(Your assignment): Report every line of the records beneath this task that holds the string "Benfica".

(Material for this exercise):
= = =
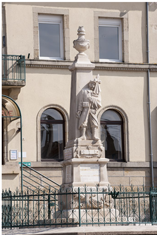
Le monument aux morts.
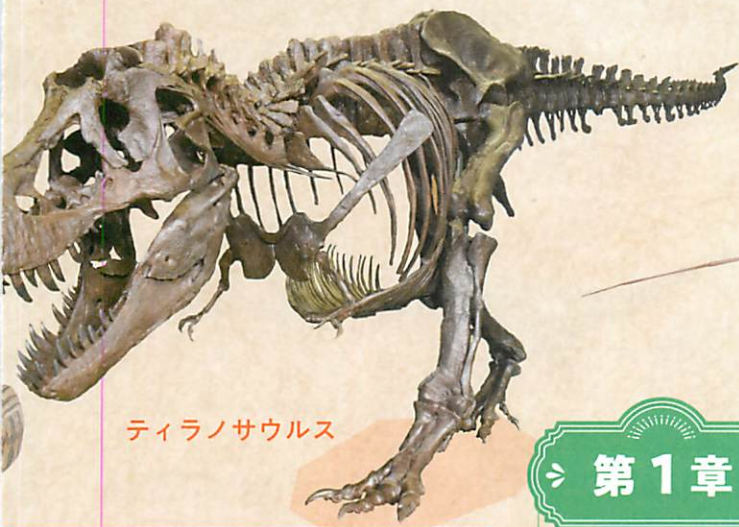
ティラノサウルス
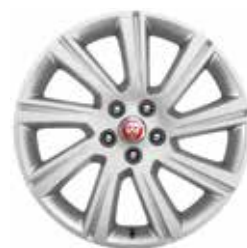
18" mit 9 Speichen (Style 9008)
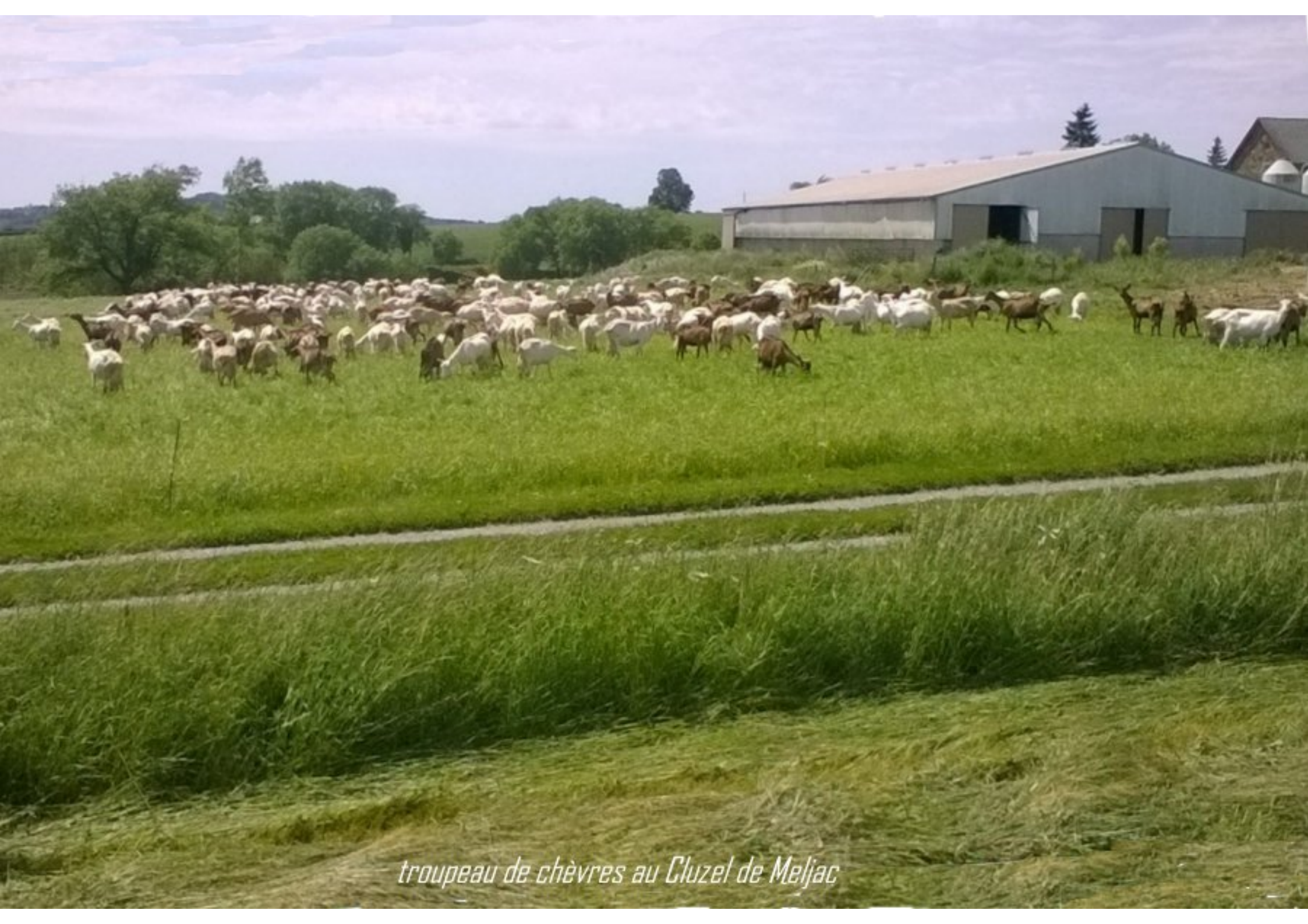
troupeau de chèvres au Cluzel de Meljac
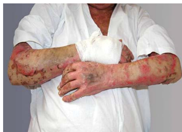
Rycina 2. Stan miejscowy przy przyjęciu do Kliniki – symetrycznie rozmieszczone zlewne ogniska rumieniowo-nadżerkowe

Figure 1. On admission to the department: concentric erythematous and oedematous macules and papules with classic target lesions
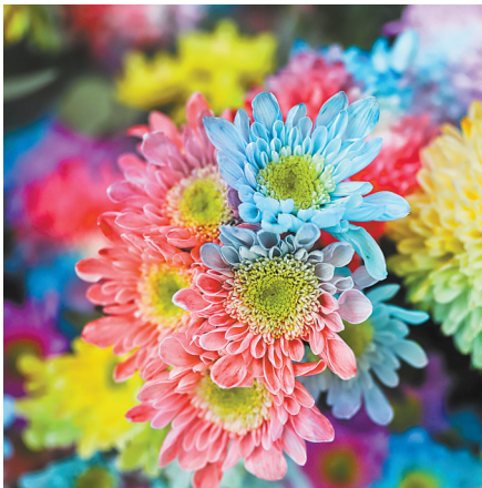
七彩云菊

在“十四五”开局起步的关键时期,这场观念觉醒、革故鼎新的思想碰撞,担当作为、拓展新局的实践活动,提振精神、比学赶超的作风比拼,让“今天再晚也是早,明天再早也是晚”的效率意识深入人心。全州广大党员干部以“等不起”的紧迫感、“慢不得”的危机感、“坐不住”的责任感,务实高效抓落实、迎难而上促发展,奋力在新时代的赶考路上交出优异答卷。
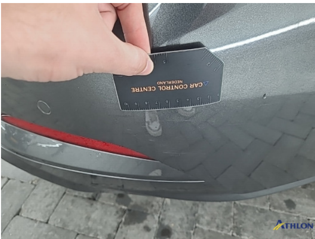
1. Achterbumper Krassen
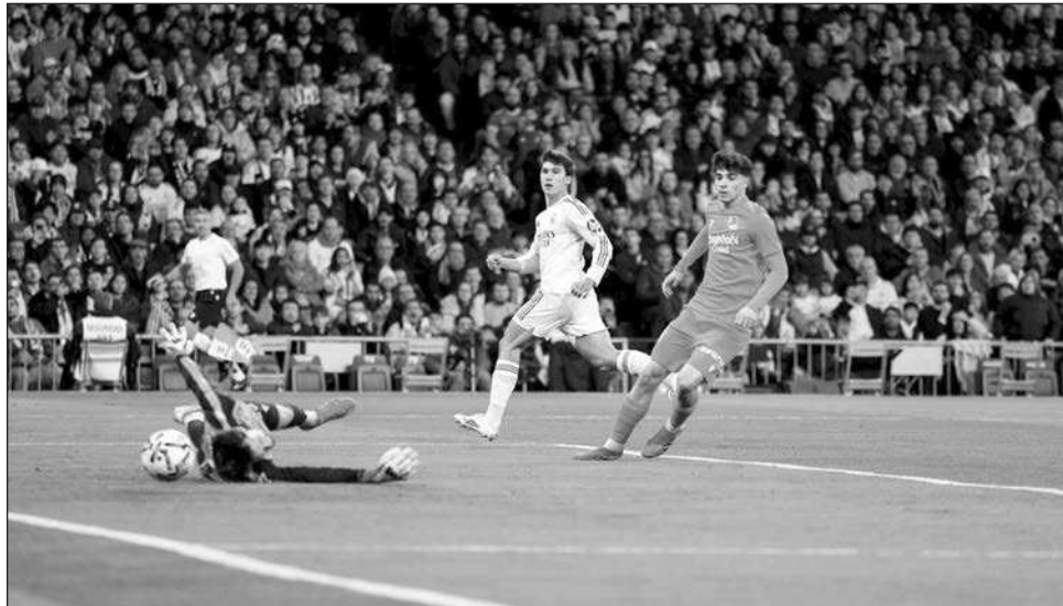
▲ El conjunto merengue se topa de nuevo con el Benfica de Mourinho.

Benfica marcó el gol que necesitaba para clasificarse gracias a un cabezazo de último minuto del portero Anatoliy Trubin ante el Madrid, lo que le permitió
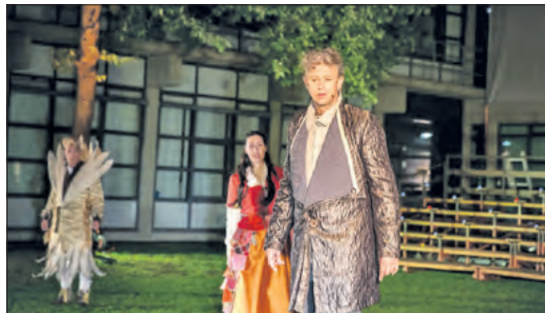
Beeld uit de voorstelling 'Mariecken uit Nijmegen'.

Voor een beeld van Theater in 't Groen, kijk op de website www.theaterinhetgroen.nl . Aanmelden kan via info@theaterinhetgroen.nl en informatie kan worden verkregen via 06 51604554.
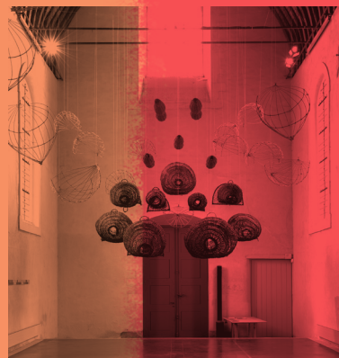
MAT Ancenis-Saint-Géréon - Chapelle des Ursulines, vue de l'exposition Qui Vive ?

Le MAT, centre d'art contemporain du Pays d'Ancenis soutient les artistes par l'organisation de résidences, la production d'œuvres et d'expositions tout au long de l'année au sein de l'ancien presbytère de Montrelais et plus largement sur le territoire du Pays d'Ancenis. À égale distance de Nantes et Angers, la programmation du MAT est liée par un élément naturel remarquable : la Loire. L'équipage du MAT (Montrelais Art Territoire), composé de bénévoles et de salariés, s'engage pour rendre l'art accessible au plus grand nombre à travers des moments de convivialité tels que des rencontres avec les artistes, des visites, des ateliers de pratique artistique, des conférences et des stages.
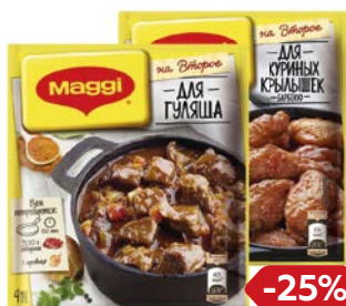
Приправа МАГГИ® в ассортименте***, 24 г/ 37 г/ 30 г/ 26 г
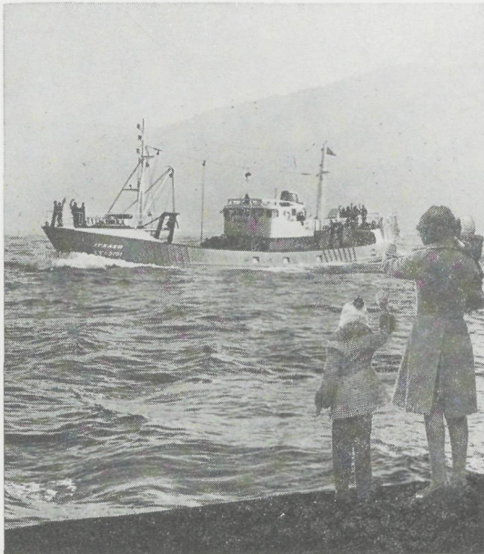
„Itxaso“ : Spaanse vissers- boot - 8MDXC 1080 pk - 750 rpm
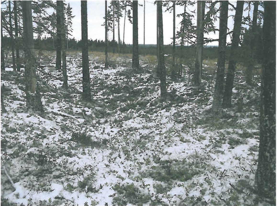
Kuva 3. Ehjä ja säilynyt asumuspainanne, joka on myös kohteen suurin.
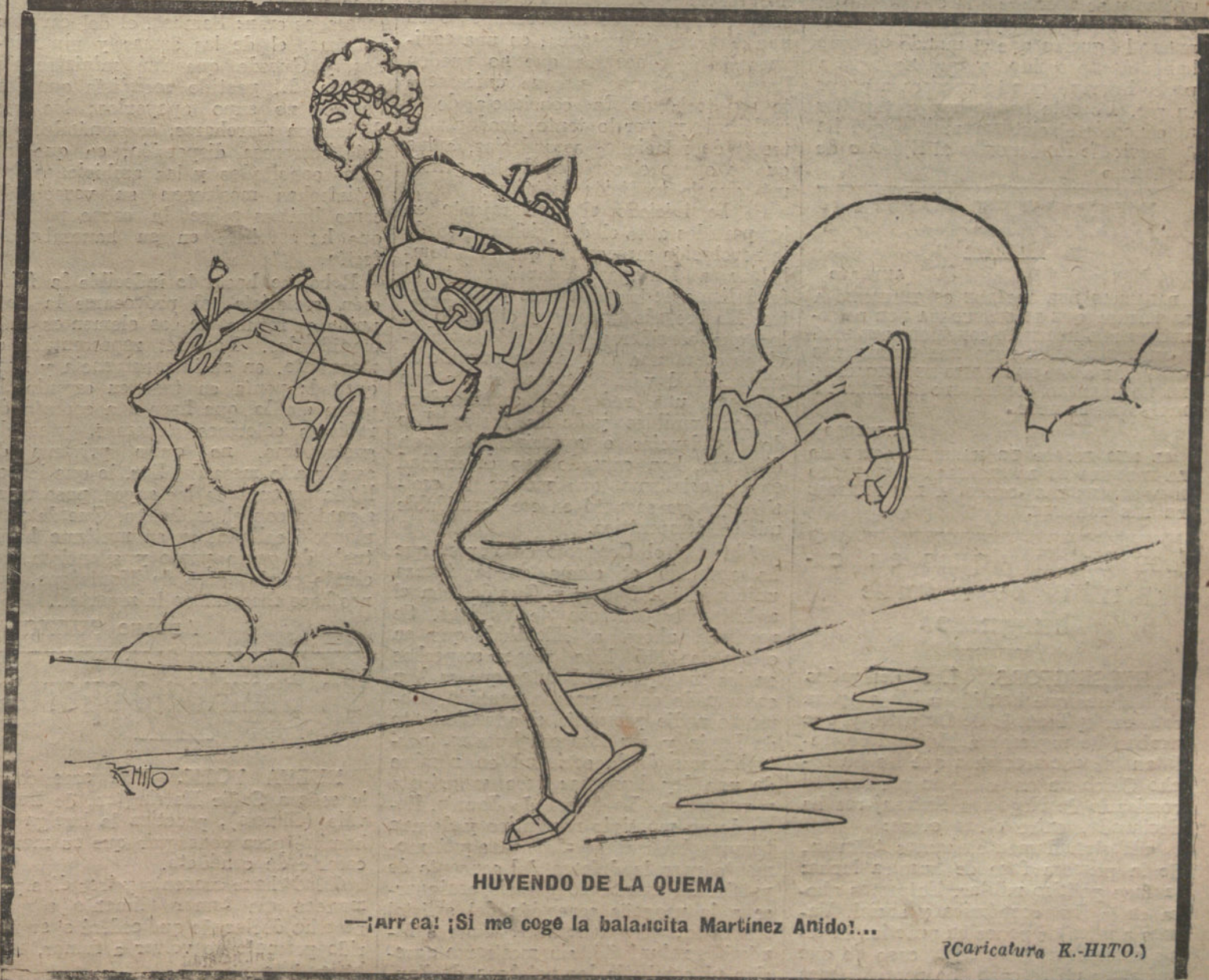
HUYENDO DE LA QUEMA

Sin Ejército, decía antes, no se concibe política internacional, porque, partiendo siempre de la interpretación económica de los hechos, es evidente que no es posible conseguir Tratado alguno de amistad, basado sobre ciertas y seguras ventajas, sin poder asegurar al amigo solicitado que se aportará a la causa común que se pretende defender una fuerza militar evidente. Para compensar ésta no basta poner a disposición del futuro amigo ventajas naturales de la posición geográfica; este
= = =
(Output for this exercise):
▲ El conjunto merengue se topa de nuevo con el Benfica de Mourinho.
Benfica marcó el gol que necesitaba para clasificarse gracias a un cabezazo de último minuto del portero Anatoliy Trubin ante el Madrid, lo que le permitió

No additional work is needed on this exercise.